===== LISTED ENTRIES =====
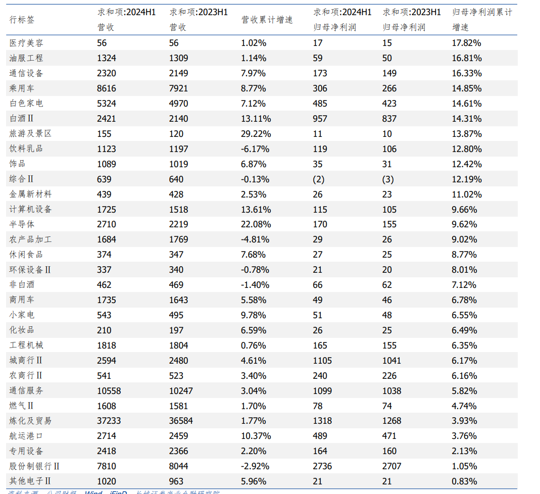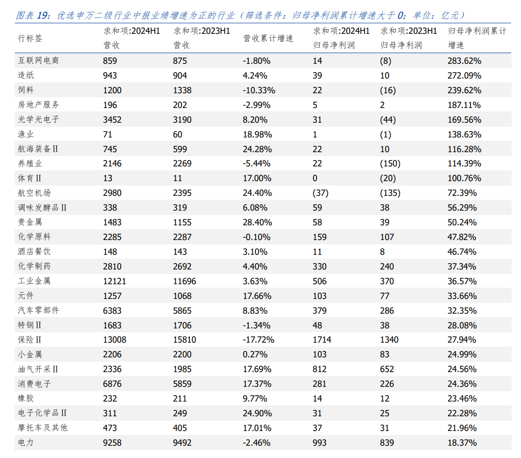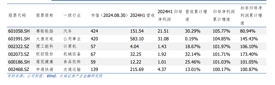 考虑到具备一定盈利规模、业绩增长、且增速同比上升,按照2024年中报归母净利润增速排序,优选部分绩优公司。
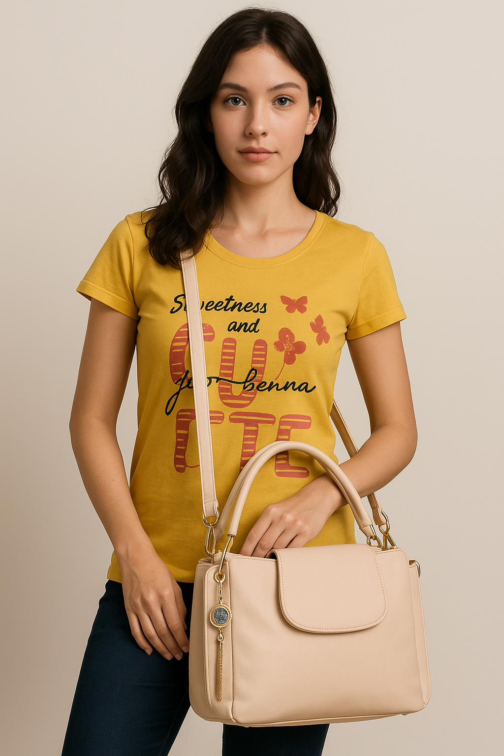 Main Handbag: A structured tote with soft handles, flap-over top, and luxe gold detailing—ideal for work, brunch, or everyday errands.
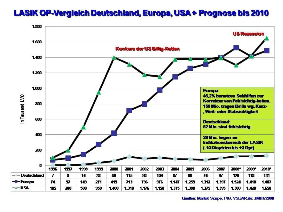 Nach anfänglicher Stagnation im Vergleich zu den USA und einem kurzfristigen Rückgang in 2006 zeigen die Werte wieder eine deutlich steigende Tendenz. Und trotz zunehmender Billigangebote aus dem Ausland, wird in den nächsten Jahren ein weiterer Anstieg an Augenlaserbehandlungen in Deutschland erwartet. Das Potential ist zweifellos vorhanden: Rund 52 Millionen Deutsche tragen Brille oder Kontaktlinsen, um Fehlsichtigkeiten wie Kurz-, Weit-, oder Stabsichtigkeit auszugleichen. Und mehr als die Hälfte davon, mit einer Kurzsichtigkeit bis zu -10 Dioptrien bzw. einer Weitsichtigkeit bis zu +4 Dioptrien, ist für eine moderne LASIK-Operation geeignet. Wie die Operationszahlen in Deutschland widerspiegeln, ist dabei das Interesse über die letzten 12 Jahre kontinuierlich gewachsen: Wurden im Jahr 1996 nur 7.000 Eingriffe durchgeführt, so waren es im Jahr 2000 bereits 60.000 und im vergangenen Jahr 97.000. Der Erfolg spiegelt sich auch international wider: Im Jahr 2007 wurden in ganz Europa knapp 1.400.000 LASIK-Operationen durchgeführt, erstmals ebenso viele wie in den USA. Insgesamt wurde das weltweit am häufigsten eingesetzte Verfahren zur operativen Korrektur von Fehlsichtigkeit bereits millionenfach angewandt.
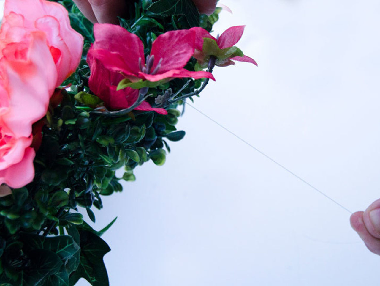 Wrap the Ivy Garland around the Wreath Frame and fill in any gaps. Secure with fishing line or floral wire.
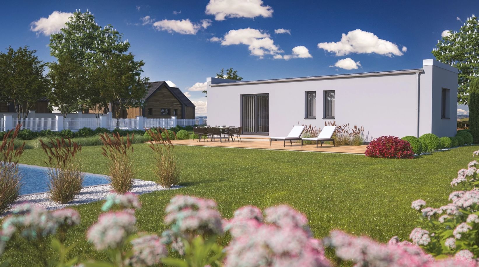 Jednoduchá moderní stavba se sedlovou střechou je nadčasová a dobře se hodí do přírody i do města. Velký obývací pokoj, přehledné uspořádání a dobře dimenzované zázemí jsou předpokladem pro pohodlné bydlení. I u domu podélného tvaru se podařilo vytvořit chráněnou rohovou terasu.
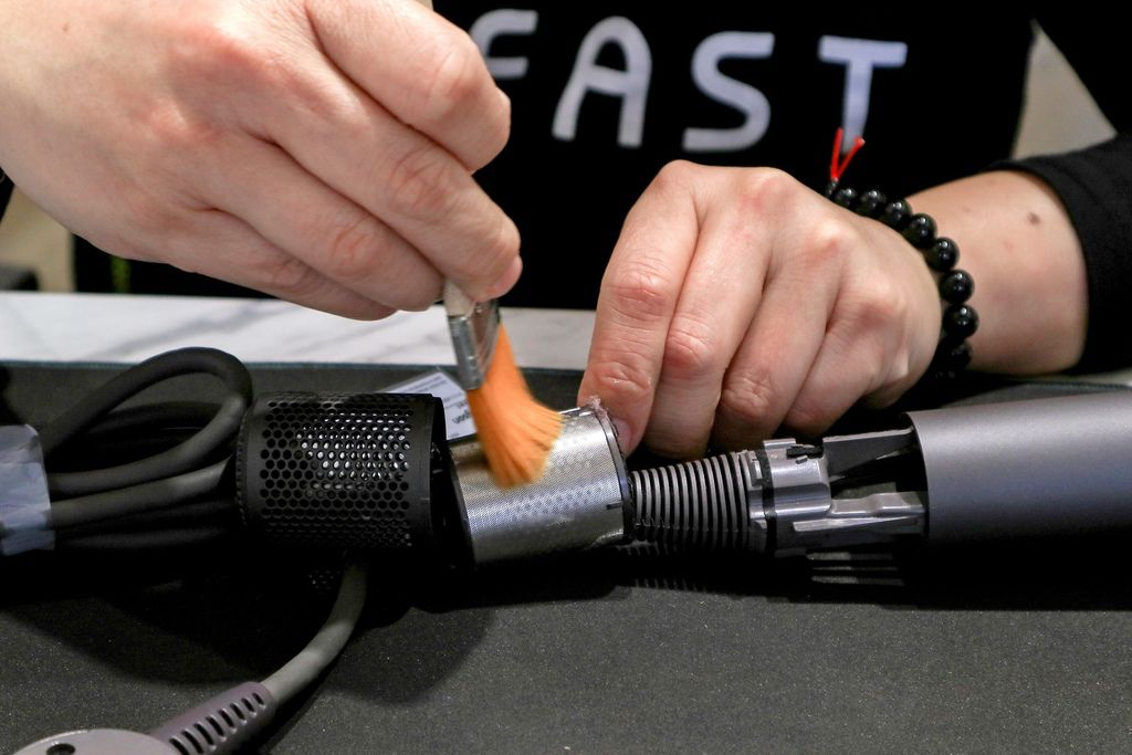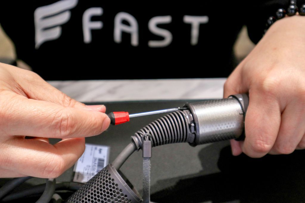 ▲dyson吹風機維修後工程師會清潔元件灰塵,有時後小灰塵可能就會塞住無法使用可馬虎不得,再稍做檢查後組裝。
=====
Write out again, word for word, only the lines from the one with "Jednoduchá moderní stavba" through the last line of the material, and omit each picture.

 Jednoduchá moderní stavba se sedlovou střechou je nadčasová a dobře se hodí do přírody i do města. Velký obývací pokoj, přehledné uspořádání a dobře dimenzované zázemí jsou předpokladem pro pohodlné bydlení. I u domu podélného tvaru se podařilo vytvořit chráněnou rohovou terasu.
 ▲dyson吹風機維修後工程師會清潔元件灰塵,有時後小灰塵可能就會塞住無法使用可馬虎不得,再稍做檢查後組裝。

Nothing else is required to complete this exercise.